Showdown at Haft Tappeh Sugar Factory: Minor Win for Workers, Larger Abuses Left Unchecked
Court Annuls Privatization of Company but Unpaid Wages and Withheld Insurance Benefits Persist
“We are going to witness a big wave of labor protests spreading from the south to other parts of the country”
It has been almost three months since the workers at Iran’s Haft Tappeh Cane Sugar Agro-Industrial Company, in the southwestern city of Shush, Khuzestan Province, began their latest round of peaceful protests. Like many workers throughout Iran, they have faced chronically unpaid wages and benefits and corrupt privatization schemes that have exacerbated abuses against workers.
Yet with independent unions unrecognized, labor activism criminalized, and labor leaders routinely jailed in Iran, workers face an uphill battle to make their voices heard and rights violations addressed.
The Haft Tappeh sugar factory has been the focus of persistent labor protests over the last several years, and the struggle there can be seen as a microcosm of the broader struggle for labor rights in Iran, where abuses against workers go unchecked.
Surprisingly, the workers there recently won a small victory. After investigating the circumstances of the 2016 sale of Haft Tappeh, which had been state-owned, to its present private owners, and the company’s performance since the privatization of the company, a state auditing court ruled the sale should be annulled.
The removal of the new private owner, Omid Asadbeigi, who had continued to violate numerous worker rights, had been one of the workers’ central demands.
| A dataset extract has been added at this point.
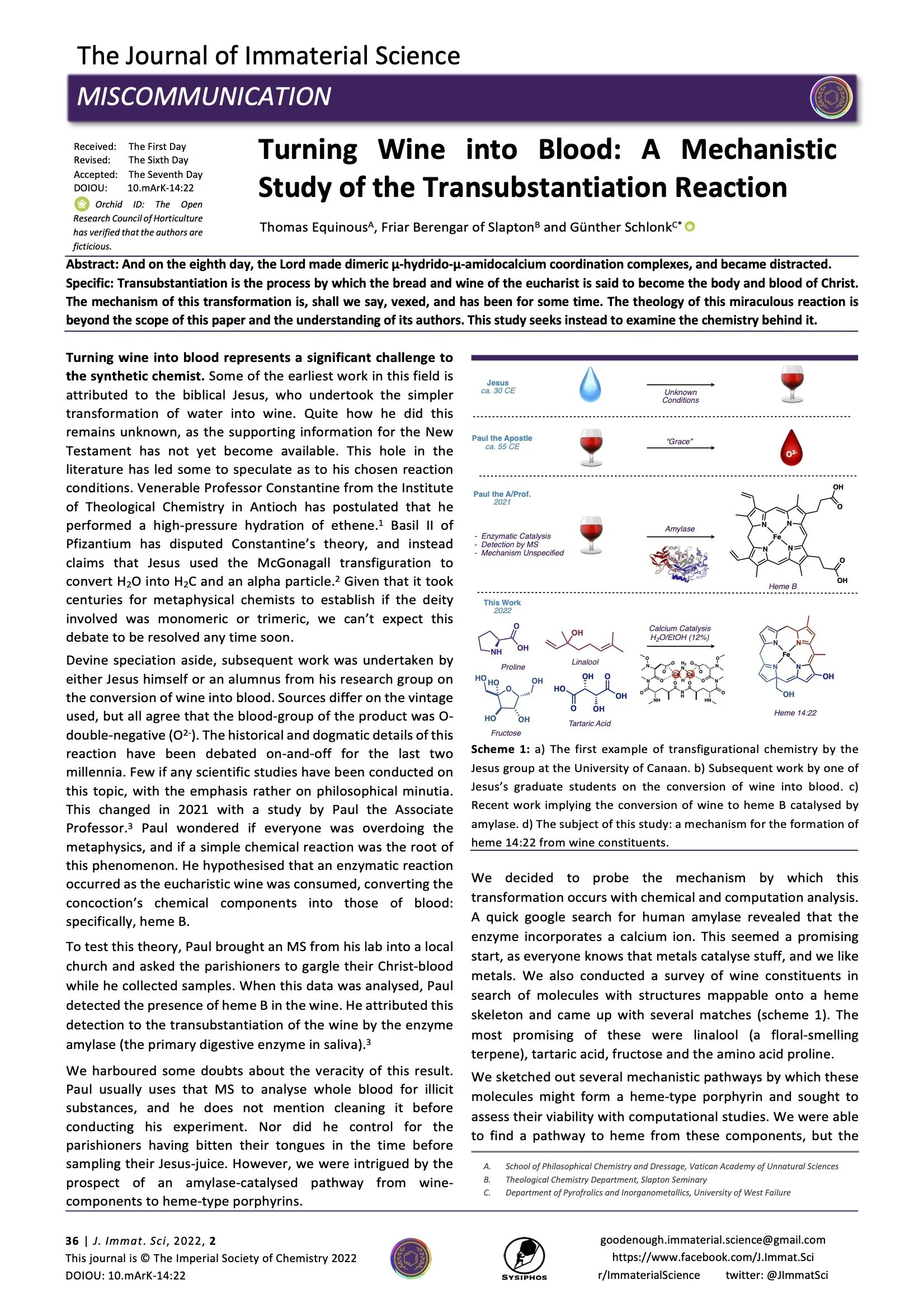 Transubstantiation is the process by which the bread and wine of the eucharist is said to become the body and blood of Christ. The mechanism of this transformation is, shall we say, vexed, and has been for some time. The theology of this miraculous reaction is beyond the scope of this paper and the understanding of its authors. This study seeks instead to examine the chemistry behind it.

Yet many serious worker issues remain unaddressed at Haft Tappeh, as they are in companies across Iran, and labor activists predict more protests and strikes across the county in the coming months.
A Corrupt Privatization Scheme
The Haft Tappeh sugar mill, located 8.7 miles from the city of Shush, in an area covering more than 60,000 acres, was established by the state in 1961. It currently employs 5,900 workers, including those with permanent and seasonal contracts.
While Haft Tappeh workers have periodically faced violations such as unpaid wages and insurance benefits for many years, the current problems at the company began after it was sold to the private sector in 2016.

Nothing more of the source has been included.